# Provided material:
-=-=-=-=-

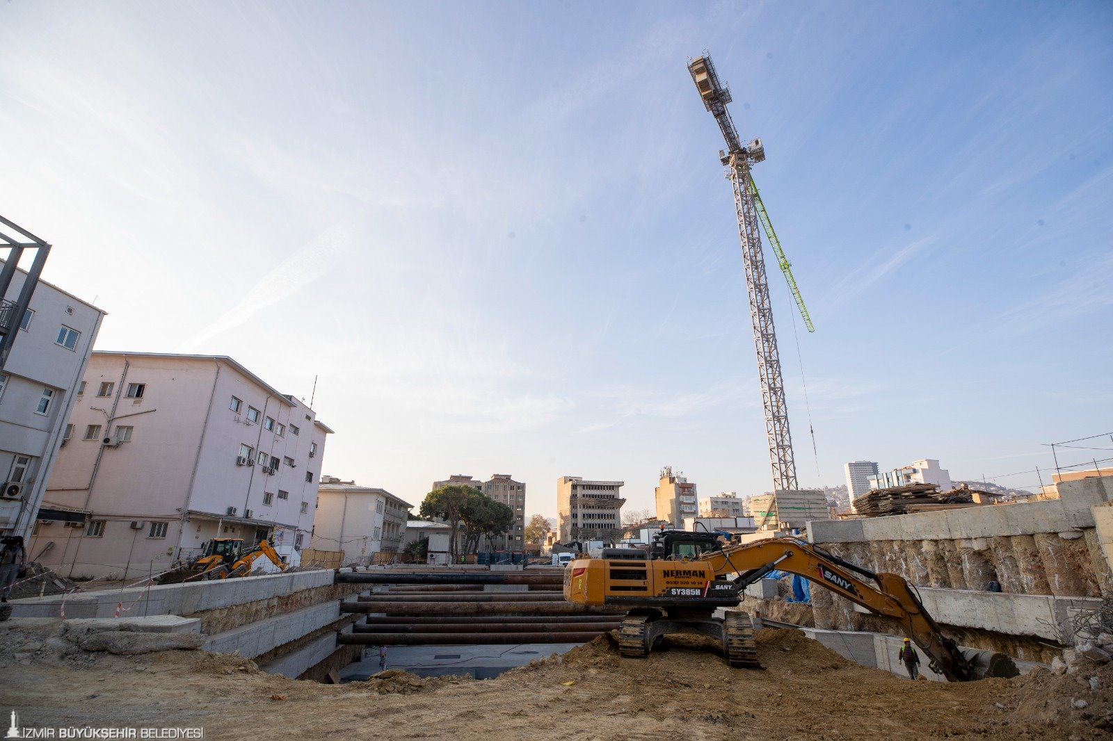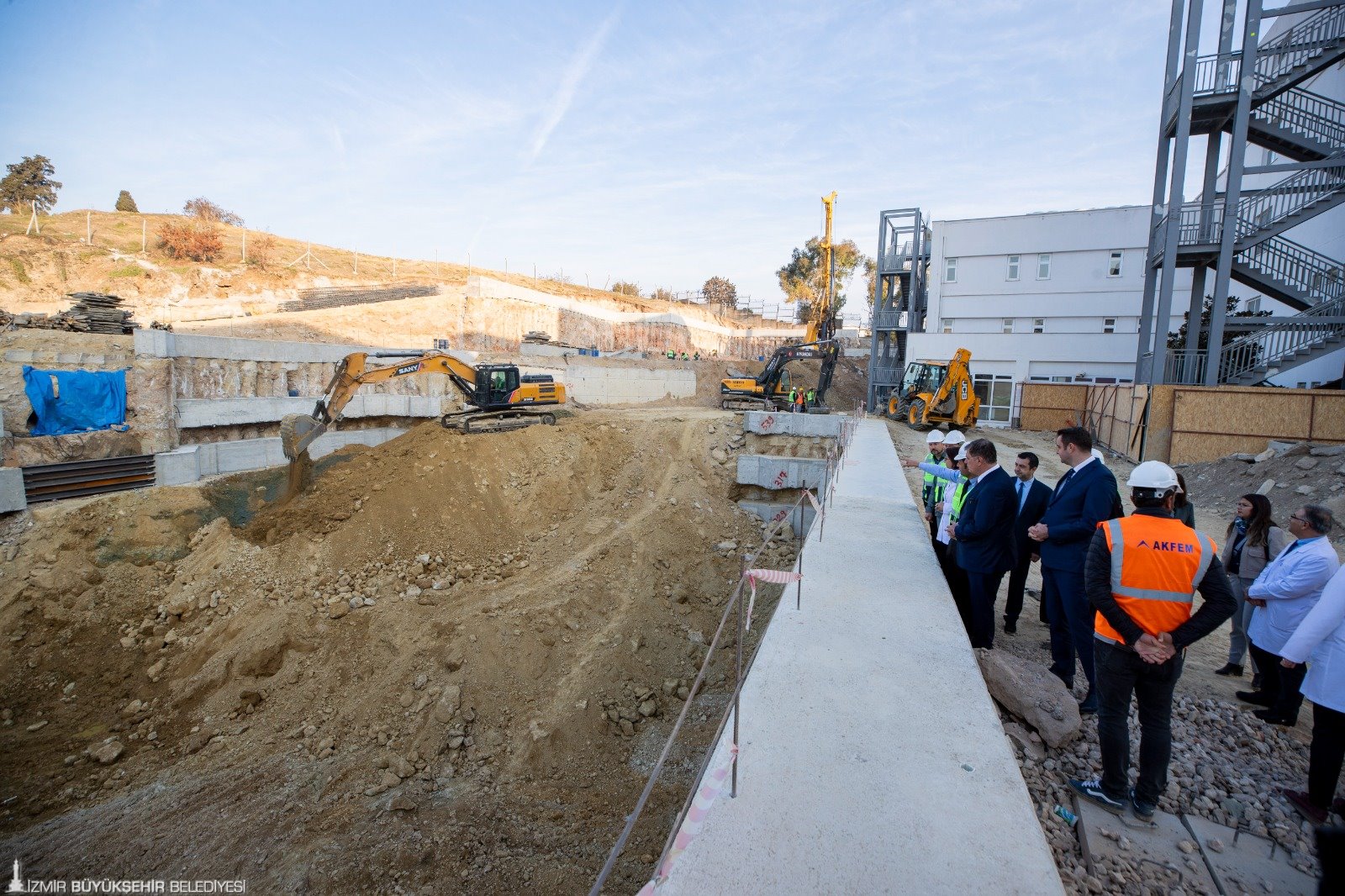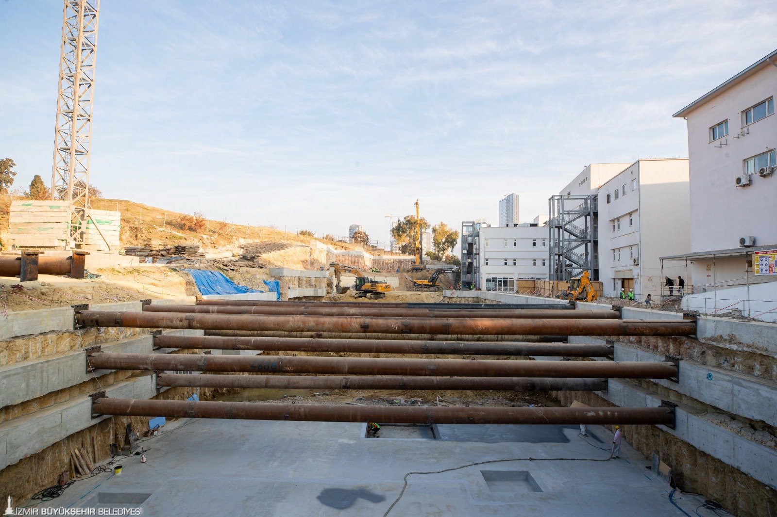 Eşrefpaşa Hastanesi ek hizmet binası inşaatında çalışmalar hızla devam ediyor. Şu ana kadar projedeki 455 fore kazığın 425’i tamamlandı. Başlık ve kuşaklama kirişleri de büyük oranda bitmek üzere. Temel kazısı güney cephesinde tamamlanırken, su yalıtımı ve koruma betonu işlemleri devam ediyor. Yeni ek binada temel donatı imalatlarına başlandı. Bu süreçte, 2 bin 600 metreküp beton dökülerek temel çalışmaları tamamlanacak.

-=-=-=-=-

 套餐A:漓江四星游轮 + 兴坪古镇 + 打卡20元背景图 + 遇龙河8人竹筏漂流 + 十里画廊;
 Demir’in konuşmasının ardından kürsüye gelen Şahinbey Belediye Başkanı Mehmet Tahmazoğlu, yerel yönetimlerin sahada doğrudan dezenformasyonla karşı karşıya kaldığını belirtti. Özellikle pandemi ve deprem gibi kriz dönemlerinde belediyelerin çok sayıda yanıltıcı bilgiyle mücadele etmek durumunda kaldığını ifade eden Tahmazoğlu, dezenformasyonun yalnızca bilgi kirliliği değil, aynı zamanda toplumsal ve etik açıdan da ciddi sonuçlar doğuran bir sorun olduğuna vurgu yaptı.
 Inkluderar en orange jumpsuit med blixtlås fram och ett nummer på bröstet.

-=-=-=-=-

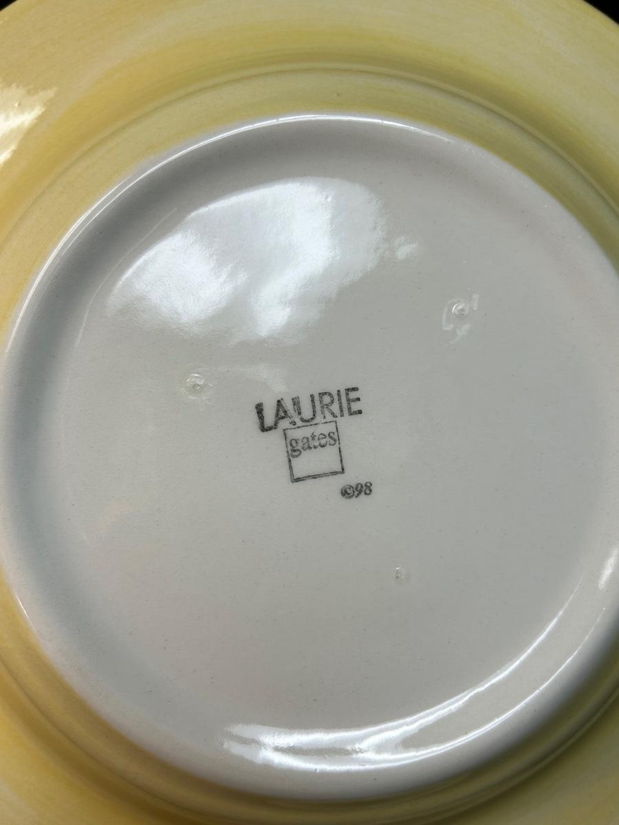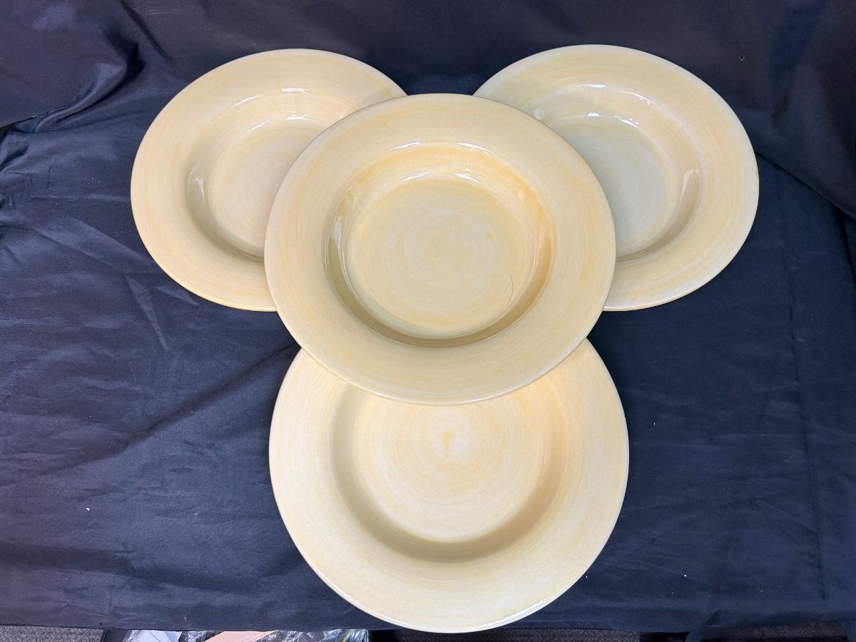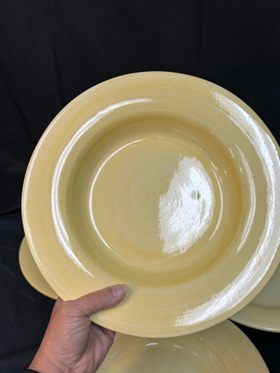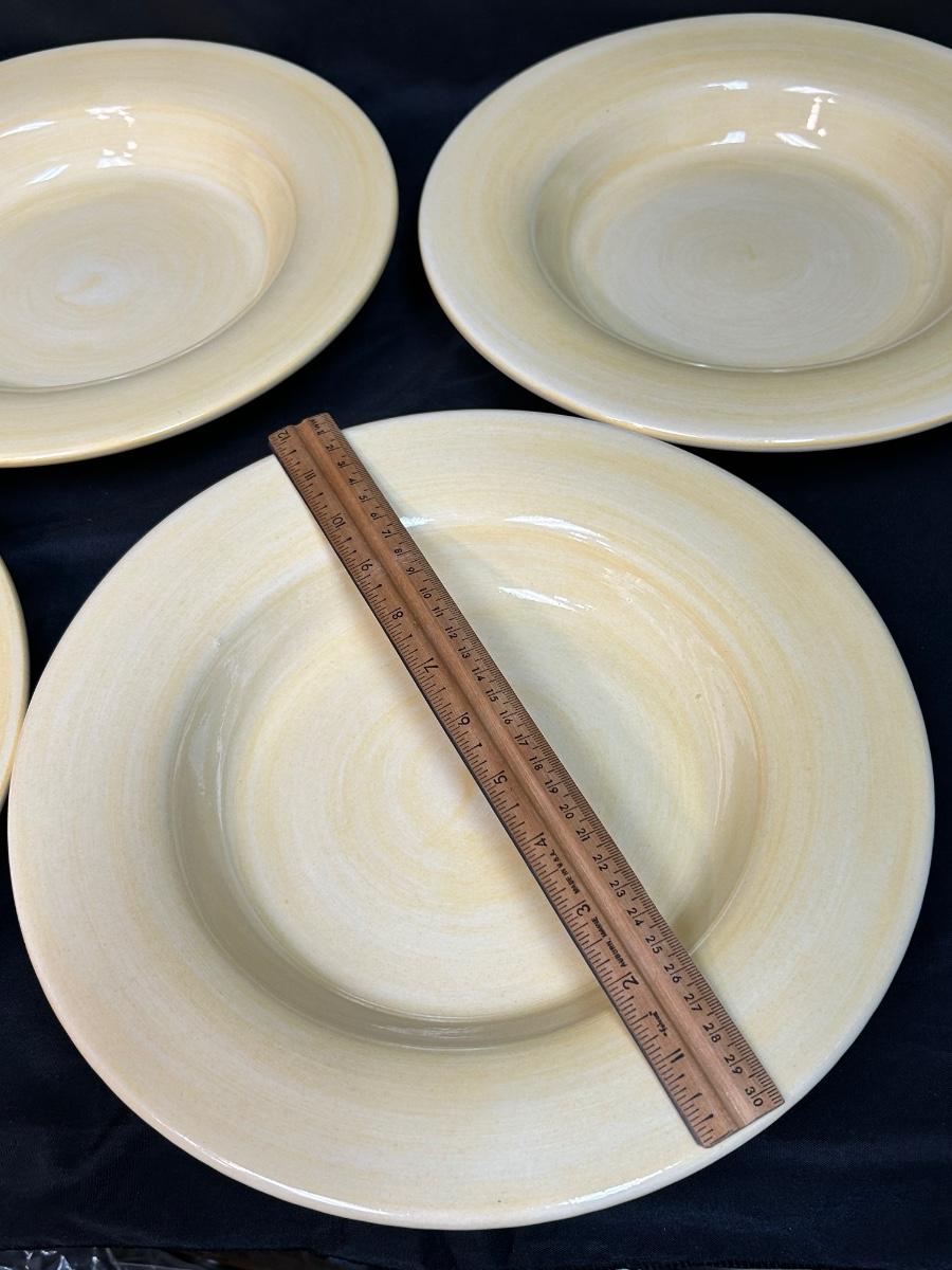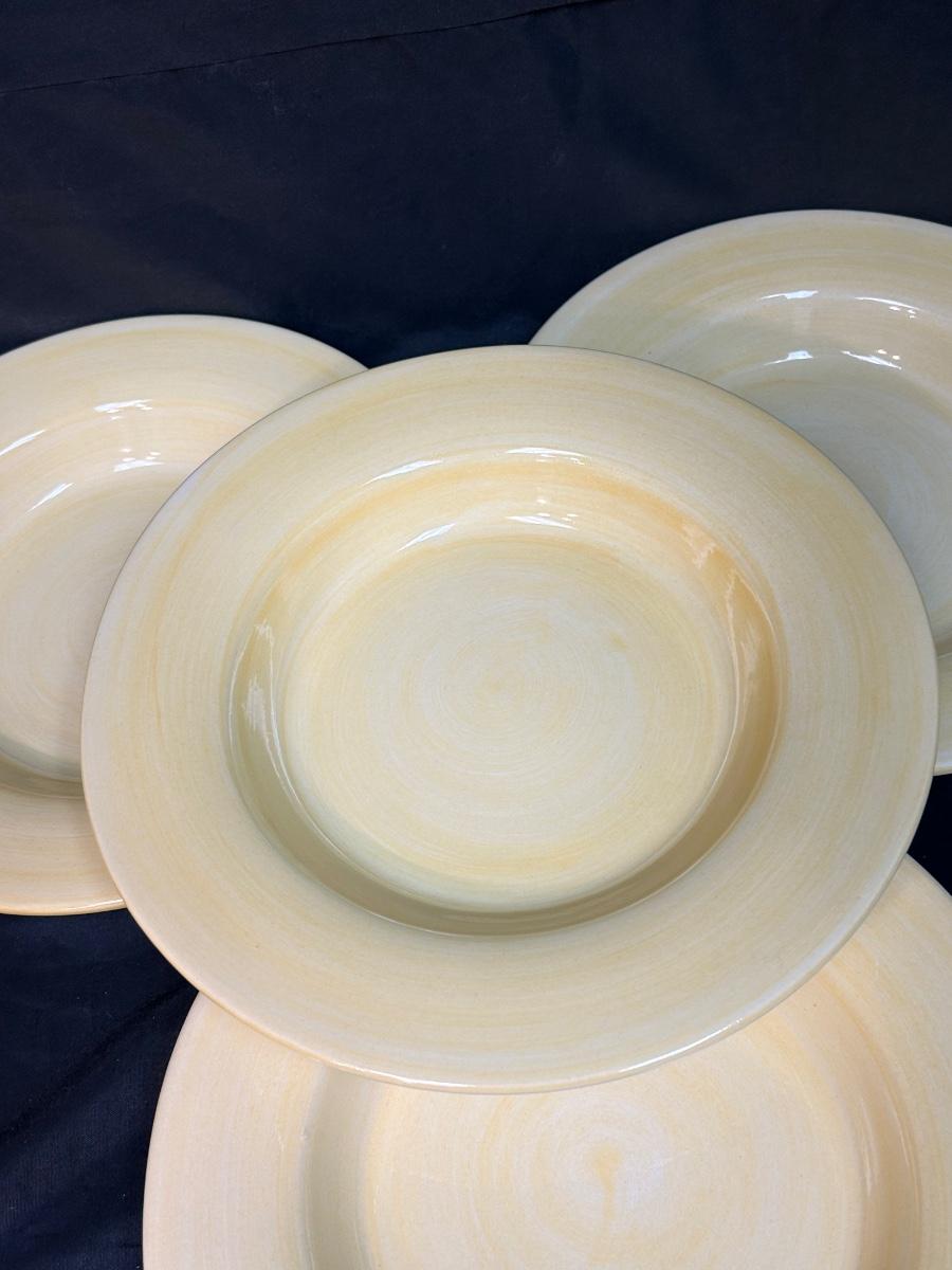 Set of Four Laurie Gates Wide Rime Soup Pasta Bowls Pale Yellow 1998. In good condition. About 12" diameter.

-=-=-=-=-

# Assignment:
Take from the material above the lines running from the one with "套餐A:漓江四星游轮 + 兴坪古镇" through the one with "Inkluderar en orange", and repeat them exactly, with nothing else.

# Finished task:
 套餐A:漓江四星游轮 + 兴坪古镇 + 打卡20元背景图 + 遇龙河8人竹筏漂流 + 十里画廊;
 Demir’in konuşmasının ardından kürsüye gelen Şahinbey Belediye Başkanı Mehmet Tahmazoğlu, yerel yönetimlerin sahada doğrudan dezenformasyonla karşı karşıya kaldığını belirtti. Özellikle pandemi ve deprem gibi kriz dönemlerinde belediyelerin çok sayıda yanıltıcı bilgiyle mücadele etmek durumunda kaldığını ifade eden Tahmazoğlu, dezenformasyonun yalnızca bilgi kirliliği değil, aynı zamanda toplumsal ve etik açıdan da ciddi sonuçlar doğuran bir sorun olduğuna vurgu yaptı.
 Inkluderar en orange jumpsuit med blixtlås fram och ett nummer på bröstet.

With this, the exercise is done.